When researchers want to investigate transition probabilities between visual elements of web pages, they should consider a transition matrix as it clearly illustrates the transition probabilities (West et al., 2006).
eyePatterns analysis tool is publicly available and it helps researchers to search for a particular pattern within given scanpaths by allowing some gaps between the visual elements within the pattern (West et al., 2006).
When researchers want to detect repetitive patterns within multiple scanpaths, they should use the T-Pattern Detection technique that provides a number of different parameters for them to configure according to their goals (Magnusson, 2000). However, the implementation of the T-Pattern Detection technique is a commercial product.

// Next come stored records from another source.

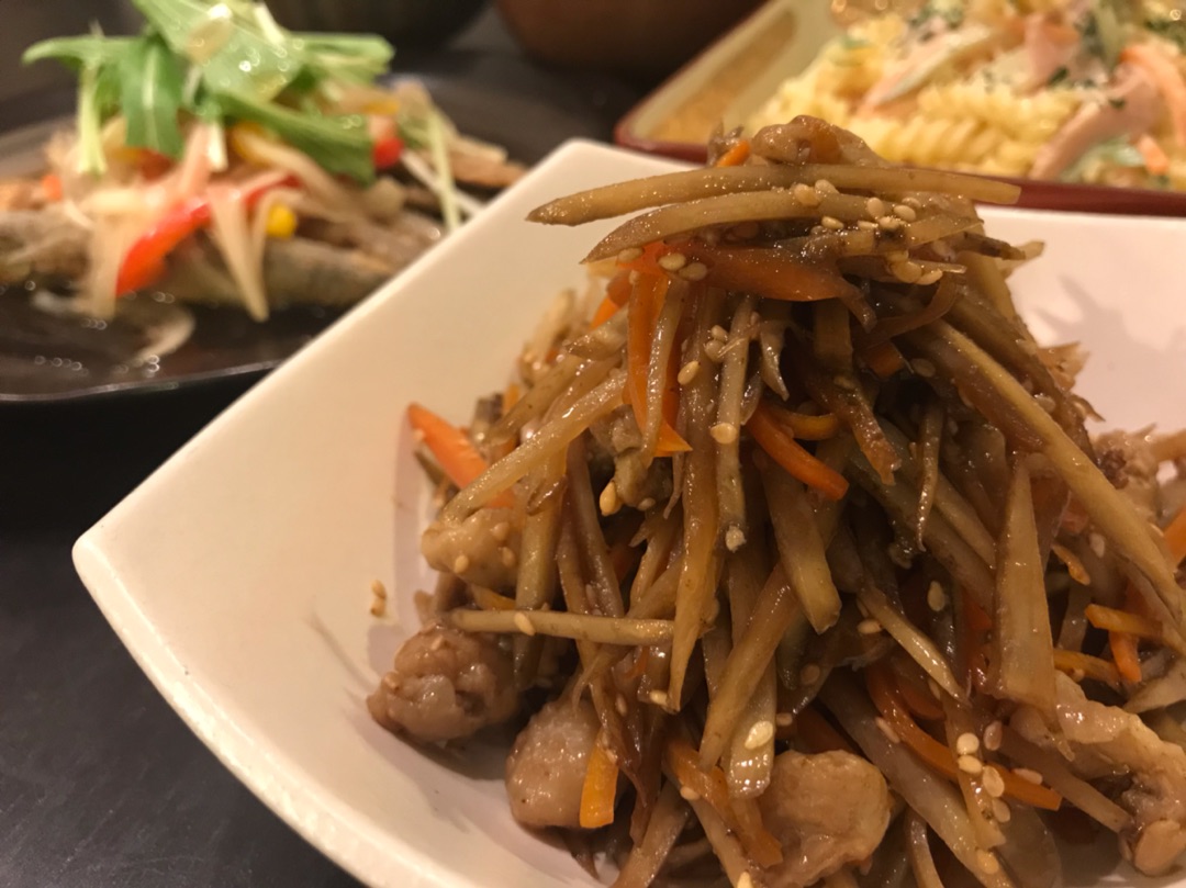 っていうか、スパサラだったら副菜が2品とも形状が同じ細長いものになってしまったところだったわ!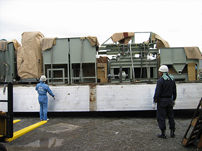 (写真)運ばれてきた組立前の精米機、田しか10トントラック2台分だったような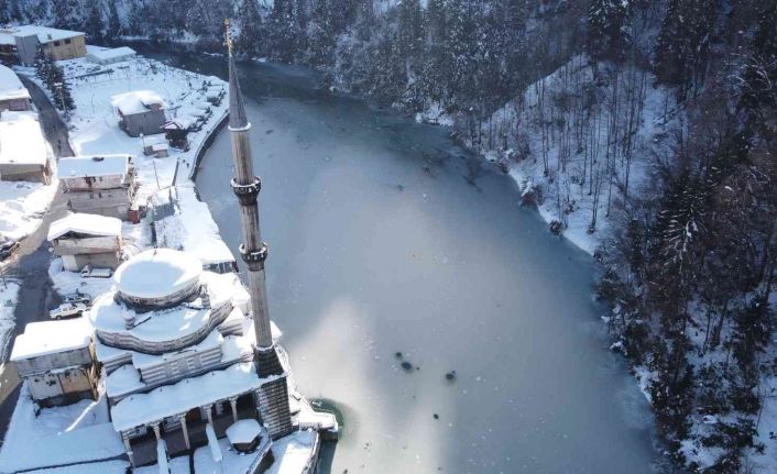 Kar yağışı ile Rize’nin Hemşin ilçesinde kartpostallık görüntüler oluştu.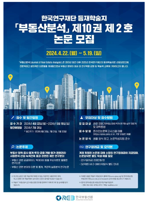 한국부동산원은 부동산 분야의 학술 교류 및 연구 활동 장려를 위해 등재학술지 ‘부동산분석 제10권 제2호’에 수록할 논문을 내달 19일까지 모집한다고 22일 밝혔다.
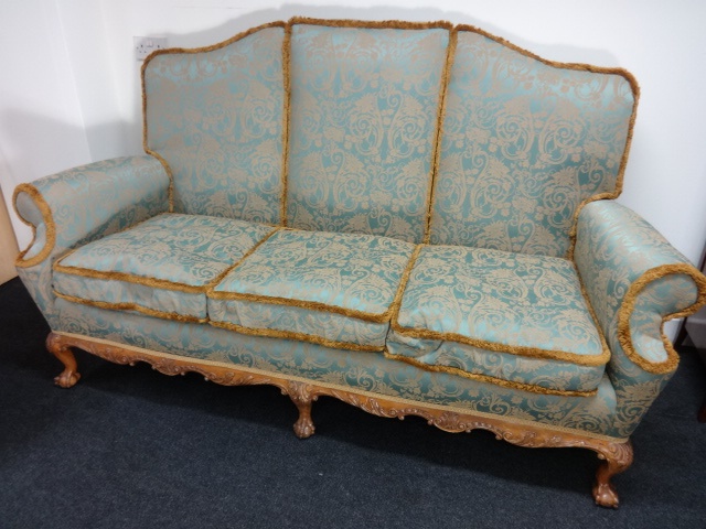 This is a very elegant sofa with the original green and gold damask covering and feather filled cushions. This sofa is in perfect condition, is very comfortable and has an excellent shape. It has a carved frieze and it stands on 3 ball and claw legs to the front.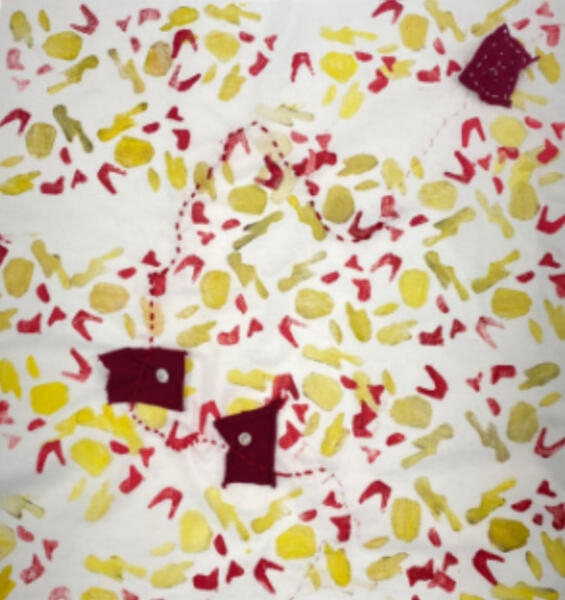Composição têxtil com tecelagem e estampariaUm mapa para que os animais que perderam o seu habitat e as suas condições de vida encontrassem o seu suposto habitat ideal. Este mapa mostra a quantidade de lugares expostos que tiveram de procurar até encontrarem o pressuposto "Ponto X".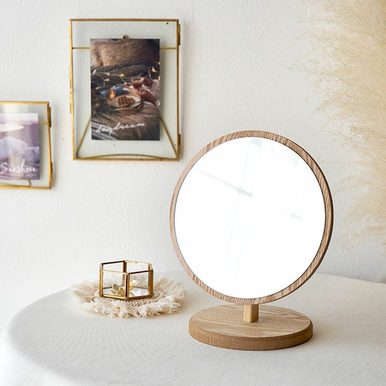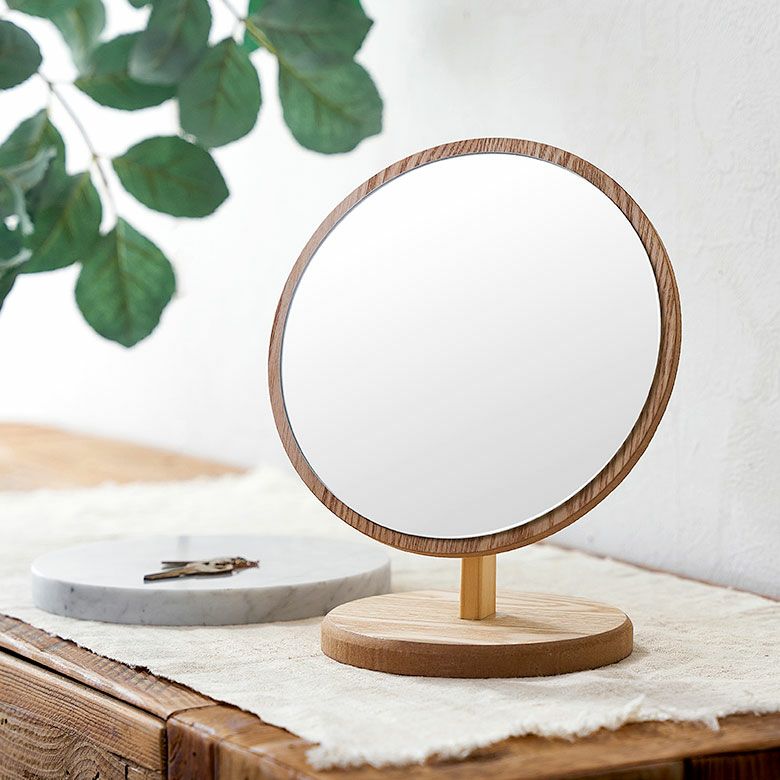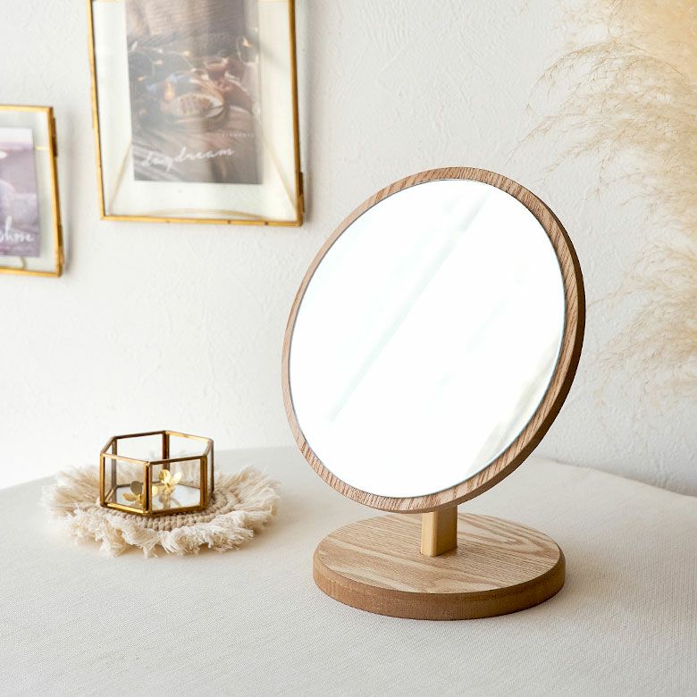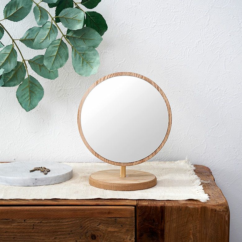 ドレッサー 化粧台 メイク用 置き型 角度変更 新生活 引越し 卓上ミラー 卓上鏡 木製 円形 丸型 角度調節 約 W 21 × D 15 × H 25 cm 鏡 かがみ スタンドミラー スタンド鏡 化粧鏡 立て掛け メイク鏡 丸い 置き鏡 テーブルミラー 玄関 トイレ 洗面所 ホテル用 おしゃれ 北欧 かわいい アジアン 雑貨 アジアン雑貨 和 和モダン 67105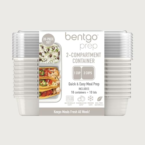 Bentgo 20-Piece Lightweight, Durable, Reusable BPA-Free 2-Compartment Containers – Microwave, Freezer, Dishwasher Safe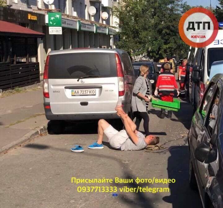 Появились фото с места ДТП на Голосеевском проспекте Киева, где водитель сбил мужчину с ребенком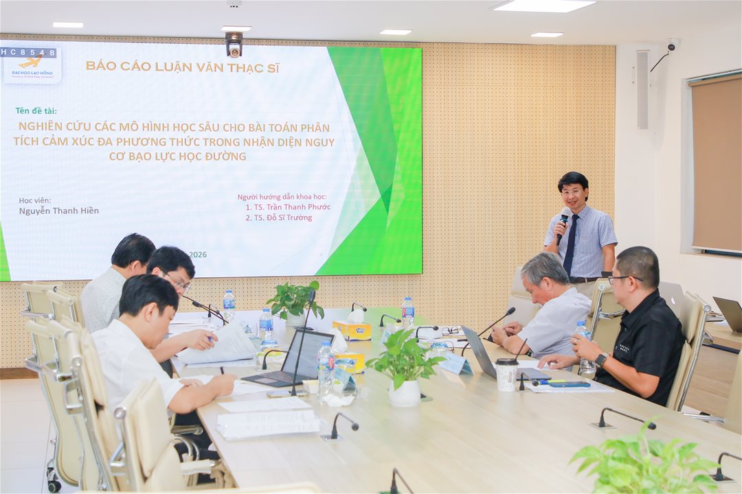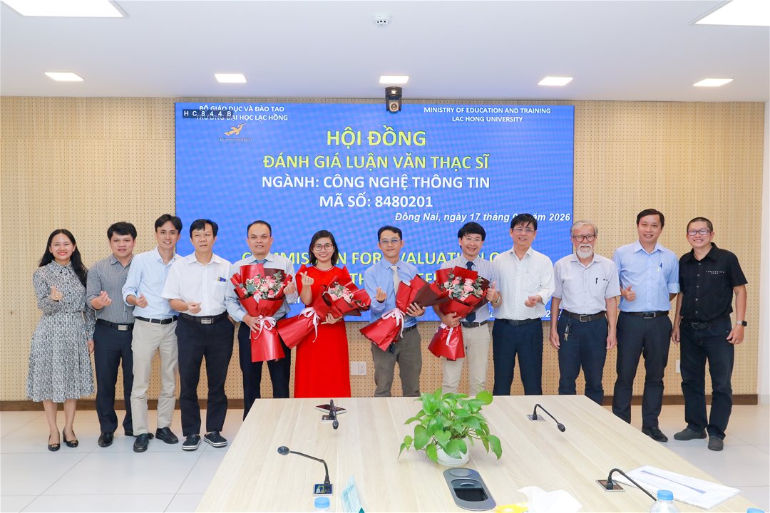 Ngày 17 tháng 01 năm 2026, tại phòng họp cơ sở 1 của Trường Đại học Lạc Hồng (LHU), 04 học viên ngành Công nghệ thông tin đã xuất sắc bảo vệ thành công luận văn thạc sĩ của mình. Buổi bảo vệ diễn ra trong không khí trang trọng và đầy tính học thuật, đánh dấu một bước ngoặt quan trọng trong hành trình học tập và nghiên cứu của các học viên.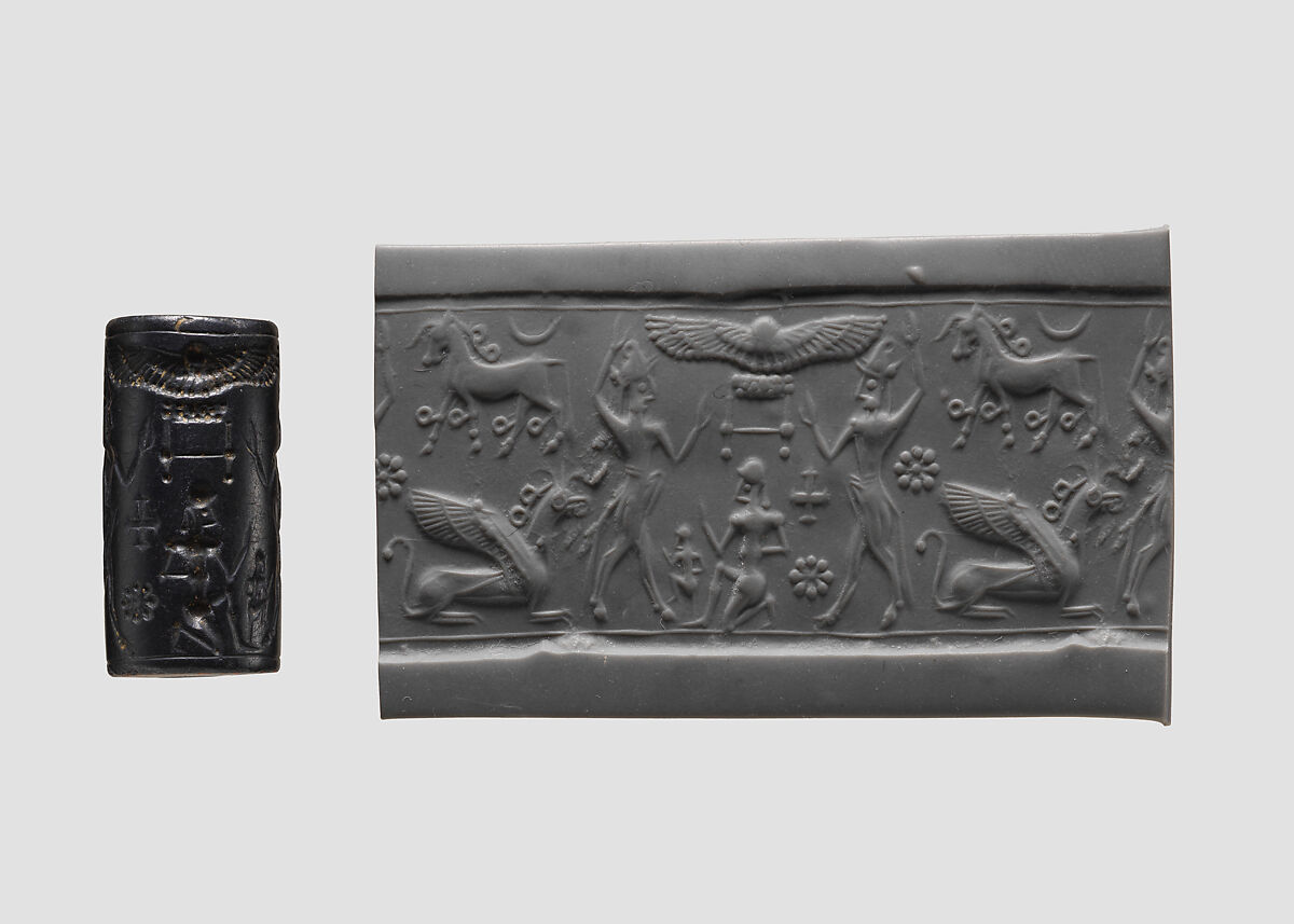 - Title:Cylinder seal and modern impression: two bullmen flanking sun-disc; horse, griffin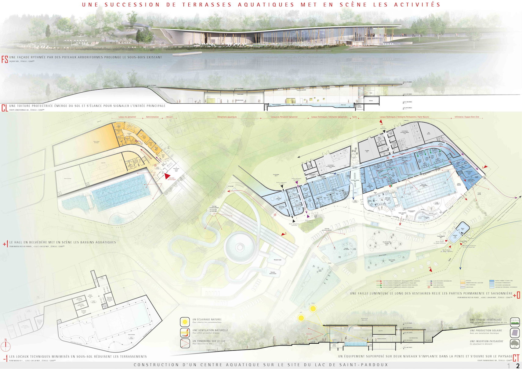 Le projet s'implante face aux accès existants, au lac et le site de l'école de voile. C'est un bâtiment-belvédère qui s'implante de manière semi-enterrée dans la pente afin de préserver les vues depuis les espaces "pique-nique" mais également de les limiter sur la cour logistique, positionnée derrière un talus.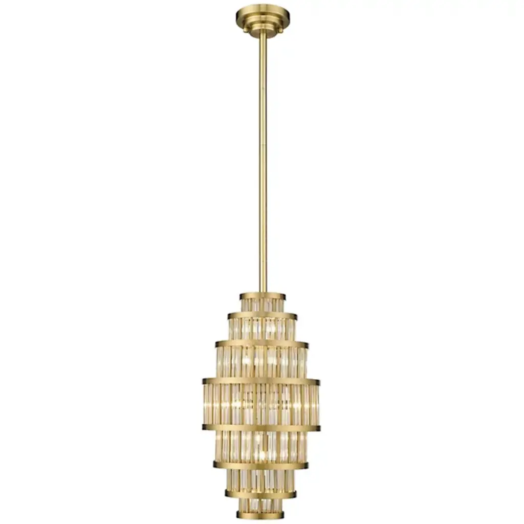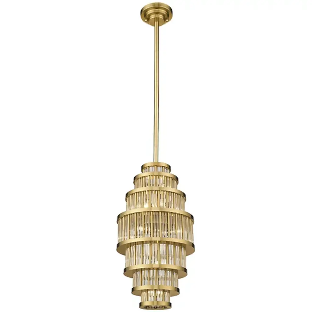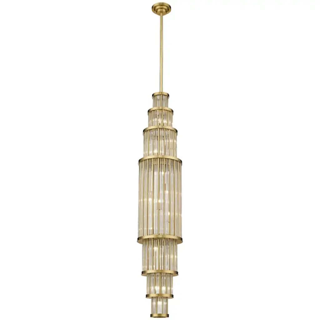 The Waldorf Foyer Chandelier from Avenue Lighting is a dazzling embodiment of the glamorous spirit of the roaring 20s. Crafted from durable steel and adorned with streamlined, clear glass cylinders, Waldorf exudes a sense of opulence and refinement. Its tiered presentation adds depth and dimension to any space, creating a captivating focal point that evokes the grandeur of the Art Deco period. This sloped ceiling adaptable chandelier provides ample illumination and offers versatility in installation.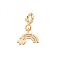 From the Charmed Collection. Accented with a row of shimmering pavé white diamonds, this whimsical 14K yellow gold rainbow charm features a spring ring clasp ideal for clipping onto Zoë Chicco’ssmall or medium oval-link chains or small paperclip chains.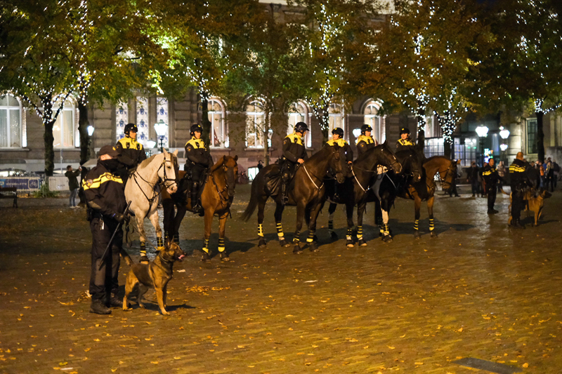 De politie heeft de demonstranten medegedeeld dat iedereen om half 8 vertrokken dient te zijn, echter heeft een groep van 50 demonstranten hierop besloten te gaan zitten op het Plein en is geenszins van plan vrijwillig te vertrekken.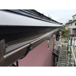 雨どいを新しいものに交換しました。 その時に雨どいの勾配も修正してから取付を行ったので 雨どい以外から水が流れ出す心配はなくなりました、

If an oversimplification can be a problem for researchers while they are identifying patterns and common scanpaths for multiple scanpaths, they should avoid using the techniques with a very reductionist approach.
It is widely accepted that fixation durations have a relationship with the depth of processing and the ease or difficulty of information processing (Velichkovsky et al., 2002; Follet et al., 2011). Therefore, when researchers want to consider cognitive processing, they should pick the techniques that use fixation durations based on their goals. For example, they should use ScanMatch technique to compare a pair of scanpaths (Cristino et al., 2010).
To make the ideal use of available eye tracking data, researchers should select an appropriate technique for their studies. In order to do so, they should be aware of the strengths and weaknesses of the alternatives and this article aims to support that.